We will read the same files we do on the indexer but we're going to ship them to the indexer.

So, we need to give Logstash permission to read these logs:

$ sudo apt-get install -y acl
$ sudo setfacl -m u:logstash:r /var/log/{syslog,auth.log}

Let's create /etc/logstash/conf.d/shipper.conf with the following (we need to specify hostnames for shipper and indexer):

input {
  file {
    type => "syslog"
    path => ["/var/log/auth.log", "/var/log/syslog"]
  }
}

filter {
  mutate {
    replace => ["host", "172.31.3.54"] # SHIPPER_HOSTNAME
  }
}

output {
  redis {
    host => "172.31.4.244:6379" # INDEXER_HOSTNAME
    data_type => "list"
    key => "logstash"
    codec => json
  }
}

The "mutate" will change current fields in the pipeline.

Restart shipper logstash:

$ sudo service logstash restart

Now on monitoring server, 52.9.189.239 (172.31.4.244), let's check if Redis got any from Logstash shipper on 52.9.222.239 (172.31.3.54) with the following command:

ubuntu@ip-172-31-4-244:$ curl 'http://localhost:9200/_search?pretty'

Yes, we got something(syslog) from AWS Logstash shipper instance:

    }, {
      "_index" : "logstash-2016.06.22",
      "_type" : "syslog",
      "_id" : "AVV7VnX23pvRvxOjeF7w",
      "_score" : 1.0,
      "_source" : {
        "message" : "Received disconnect from 121.18.238.32: 11:  [preauth]",
        "@version" : "1",
        "@timestamp" : "2016-06-22T11:44:32.000Z",
        "path" : "/var/log/auth.log",
        "host" : "172.31.3.54",
        "type" : "syslog",
        "logsource" : "ip-172-31-3-54",
        "program" : "sshd",
        "pid" : "3636"
      }
    } ]
  }
}

Comments

We've added Redis buffer queue to typical ELK stack.
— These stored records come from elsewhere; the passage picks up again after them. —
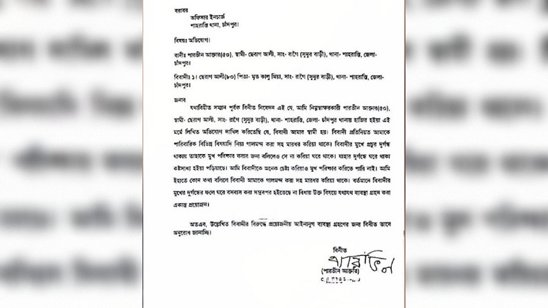 নিজস্ব প্রতিবেদক: চাঁদপুরের শাহরাস্তি উপজেলায় স্বামীর মুখে দুর্গন্ধের অভিযোগ তুলে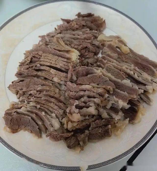4. 切片与蘸料:完全冷却的牛肉捞出,用保鲜膜紧紧包裹定型,放入冰箱冷藏2小时后再切,会非常容易切成薄片。调一个你喜欢的蘸料,比如蒜蓉生抽碟,就可以上桌了。最大程度保留了牛肉的原汁原味,鲜美无比!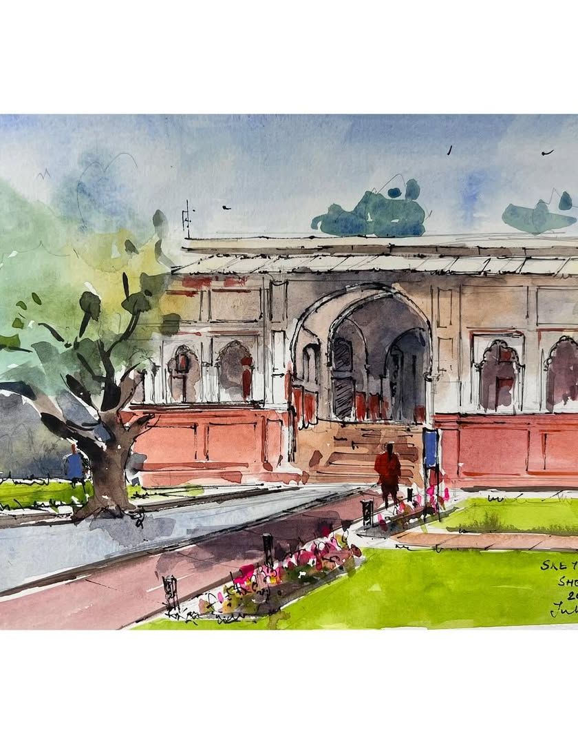I love capturing the crazy, beautiful energy of Delhi in my sketchbooks. From the quiet grandeur of ancient tombs to the chaotic charm of its bustling streets, every corner has a story. I often go out with the Urban Sketchers Delhi group, and we spend our Sundays documenting this incredible city with ink and watercolor.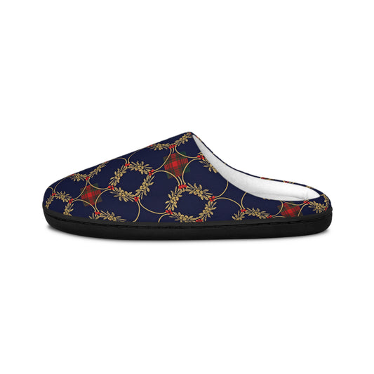 Men's Plaid Wreath Indoor Slippers — Cozy Navy Holiday House Shoes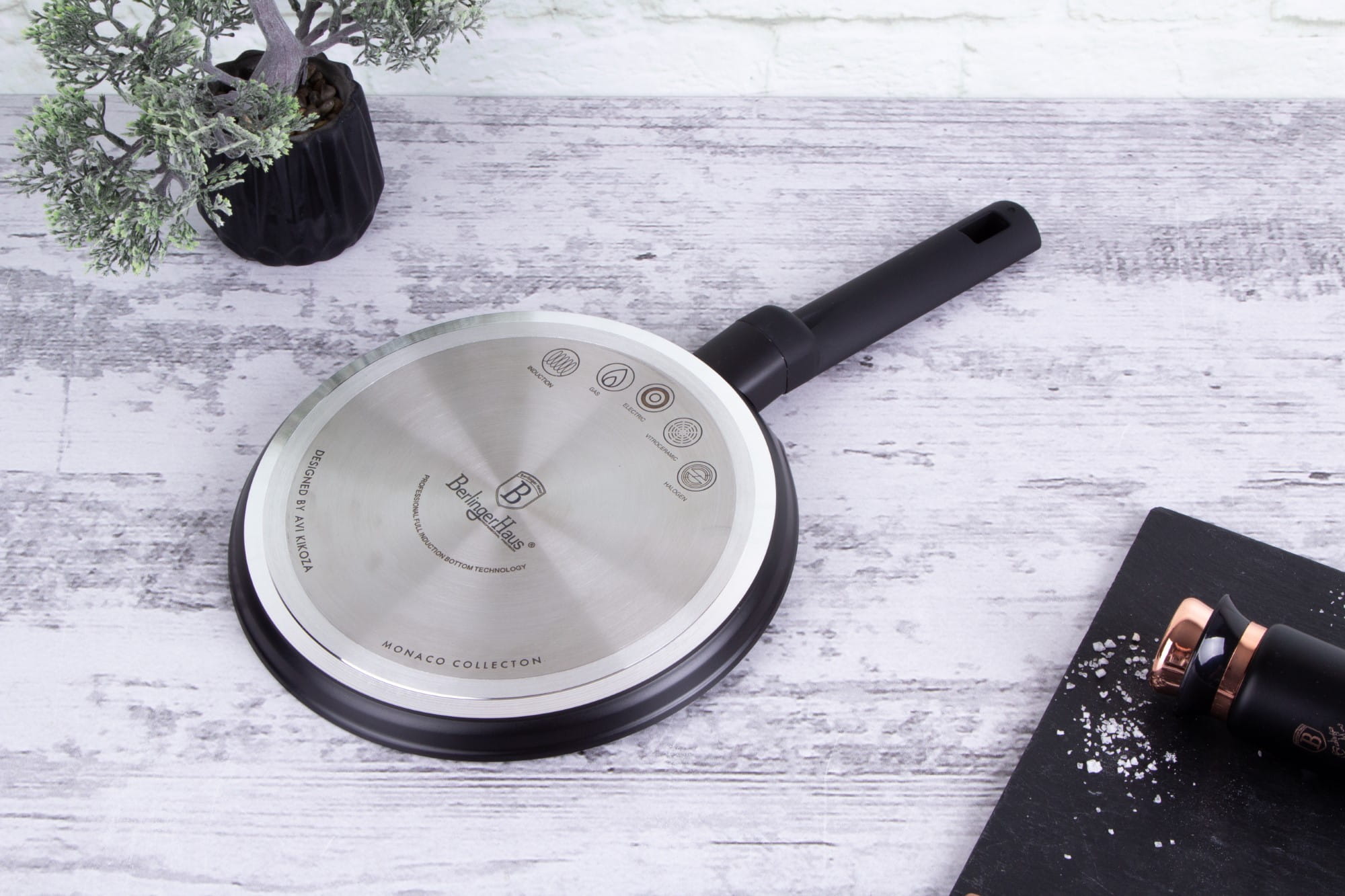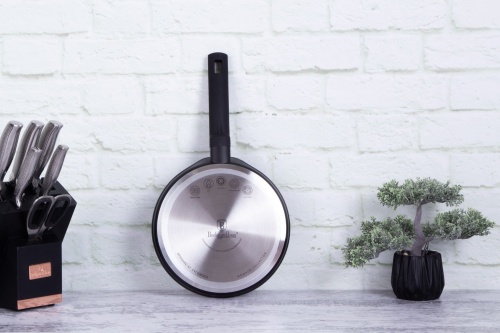 BERLINGER HAUS pancake pan with a diameter of 25cm from the BERLINGER HAUS MONACO series, dishes from this series are made from high-quality forged aluminium coated inside with titanium coating with a very high hardness coefficient. The outer coating in matt black. These attractive and fashionable cookware are equipped as standard with SOFT TOUCH handles (silicone grip) and are suitable for all types of cookers: gas, electric, ceramic, halogen, induction.
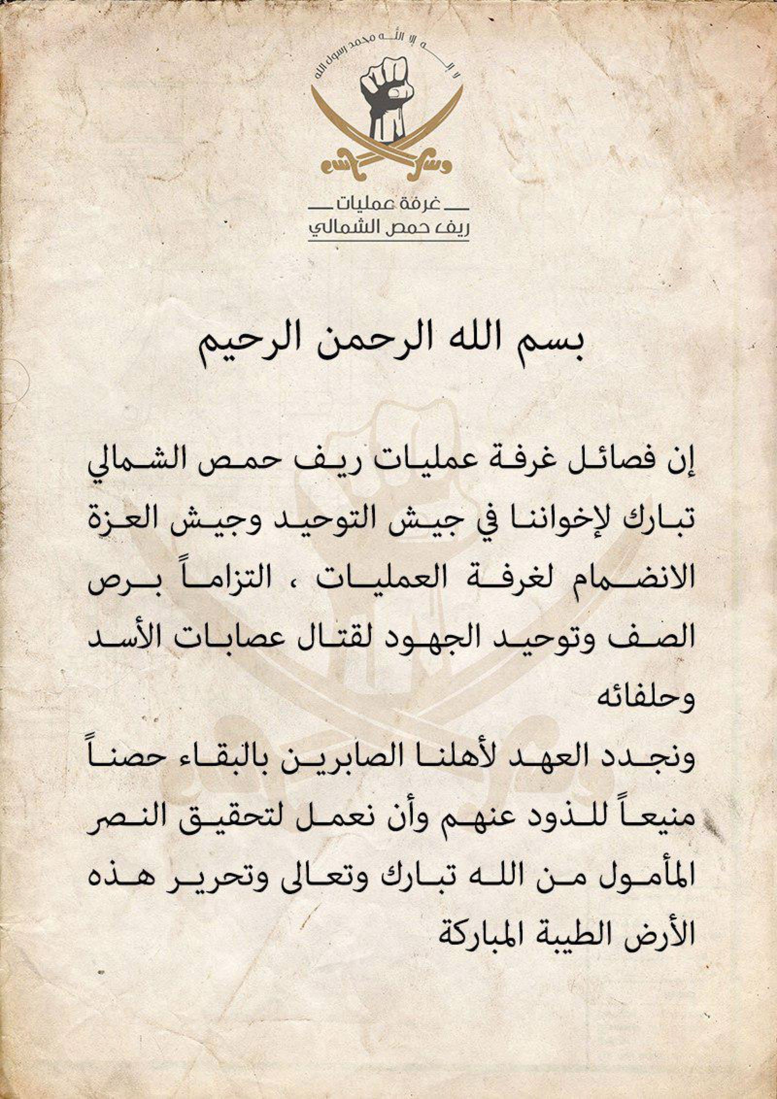 جيش التوحيد وجيش العزة ينضمان إلى غرفة عمليات ريف حمص الشمالي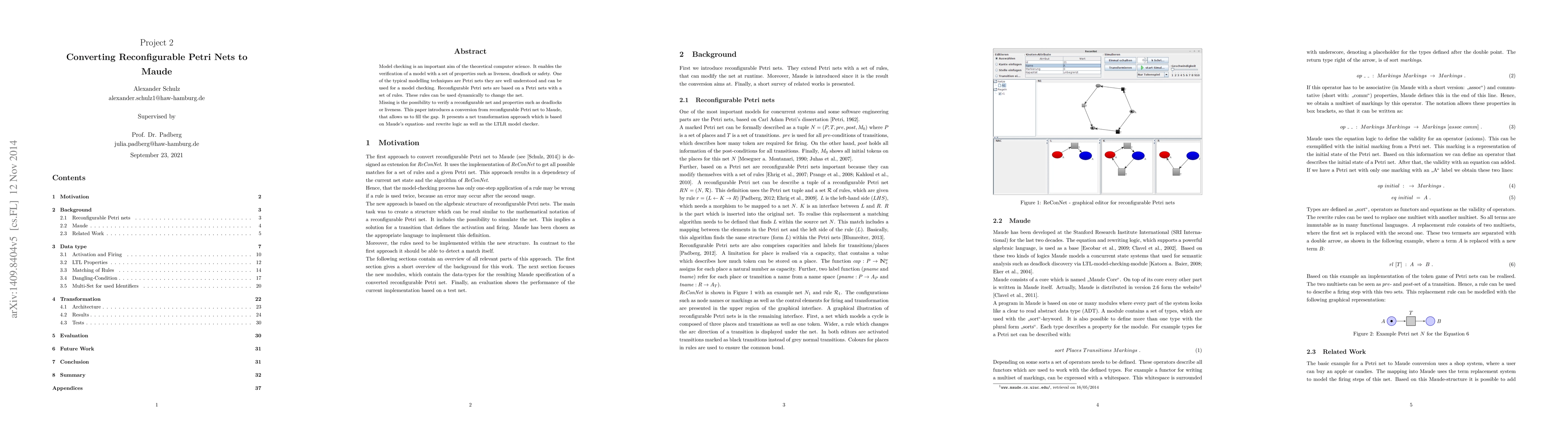 This paper presents a method to convert reconfigurable Petri nets into Maude, enabling verification of properties like deadlocks and liveness. The transformation leverages Maude’s equation- and rewrite logic, along with the LTLR model checker for effective model checking.

We used two AWS instances: one for monitoring machine (Logstash indexer/Elasticsearch/Kibana) and the other instance for a sort of Logstash forwarder(shipper) to push syslog to Redis queue on our server.

As mentioned before, we could have used "rsyslog" for the shipper.

Also, we could use Lumberjack to prepare the indexer to receive logs utilizing the logstash-forwarder protocol.

As suggested in Logstash Improvements:

"If the monitoring server crashes, it takes everything with it. If it's down long enough, the shippers will start discarding their backlog to avoid filling up memory. To solve this, we will need to migrate the Redis instances to their own nodes."

"If we split Redis out of the monitoring node onto a couple other nodes, we get load balancing and high availability. If you have nodes across multiple datacenters, put a Redis instance in each datacenter. This provides tolerance in the event of a network partition."